The classic Unix sort command handles all of these and more, but pulling text out of a browser, into a terminal, through sort, and back into the browser is enough friction that most people give up and live with unsorted lists. A web-based sorter removes the friction.
How It Works
The tool splits the input on newline characters, builds an array of lines, and applies the chosen comparator. Alphabetical uses the browser's Intl.Collator which respects locale-aware ordering — useful when your data contains accented characters or non-Latin scripts. Numerical sort parses each line as a float and falls back to string sort for non-numeric lines. Natural sort uses a tokenized comparison that treats digit runs as numbers, so item-2 comes before item-10. Length sort orders by character count.

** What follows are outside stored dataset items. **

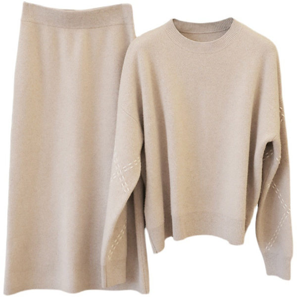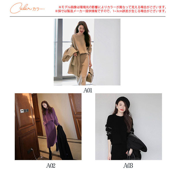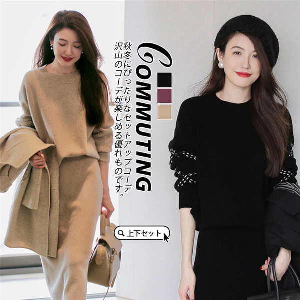 【水曜日まで!10%クーポン配布中】 ニット セットアップ レディース 長袖 ニットセーター 2点セット 上下セット ニットスカート ゆったり ミディアム ミモレ プルオーバー インナー スカート
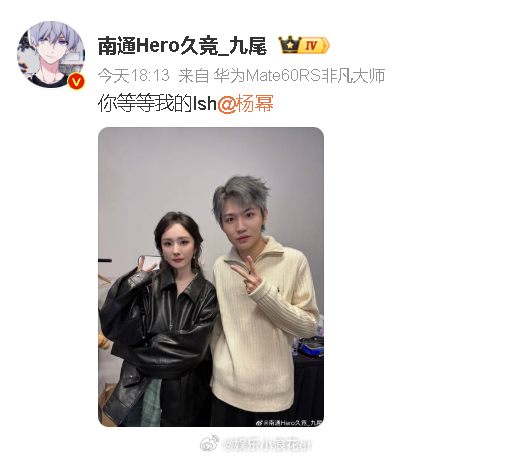 九尾 杨幂你等等我的lsh 九尾晒与杨幂合照:“你等等我的lsh”,杨幂回复:“哦?[哪吒嘟嘴]”笑鼠,自己的梗自己玩?
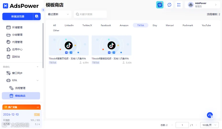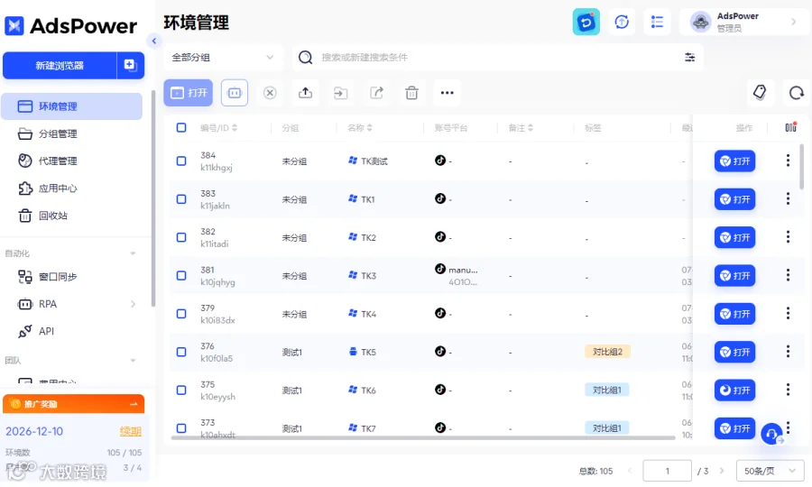 如果你在运营多账号矩阵,可以借助 AdsPower 指纹浏览器来批量管理和高效运营。AdsPower 支持创建多个独立浏览器环境,能够一目了然地管理多个 TikTok 账号,避免账号关联和封号风险。
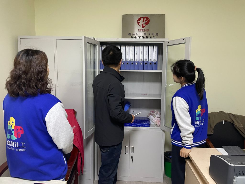 苏海老师指导社工站档案管理工作

Random shuffle uses the Fisher-Yates algorithm seeded with crypto.getRandomValues(), which is the same source the UUID generator uses. The result is statistically uniform, which matters if you're using the sort to randomize survey question order, draw a sample, or pick a winner from a list of entries.
Common Use Cases
Alphabetizing a list of names before importing into a CRM. Sorting log entries by timestamp prefix to spot the chronological gap. Putting CSS class names in alphabetical order so the diff shows actual changes, not rearrangements. Generating a random play order for a music queue. Ordering URLs before passing them to a sitemap generator. Putting a glossary in order before publishing.
How We Compare
VS Code, Sublime Text, and most modern editors have a sort-lines command built in (in VS Code it's the Command Palette's Sort Lines Ascending). For one-offs outside an editor — or for the natural-sort and length-sort options that most editors don't ship with — a web tool is faster. Spreadsheet apps will sort a column, but require getting the data into the spreadsheet first. This tool handles plain text directly, runs entirely in the browser, and works on lists from a few lines to tens of thousands.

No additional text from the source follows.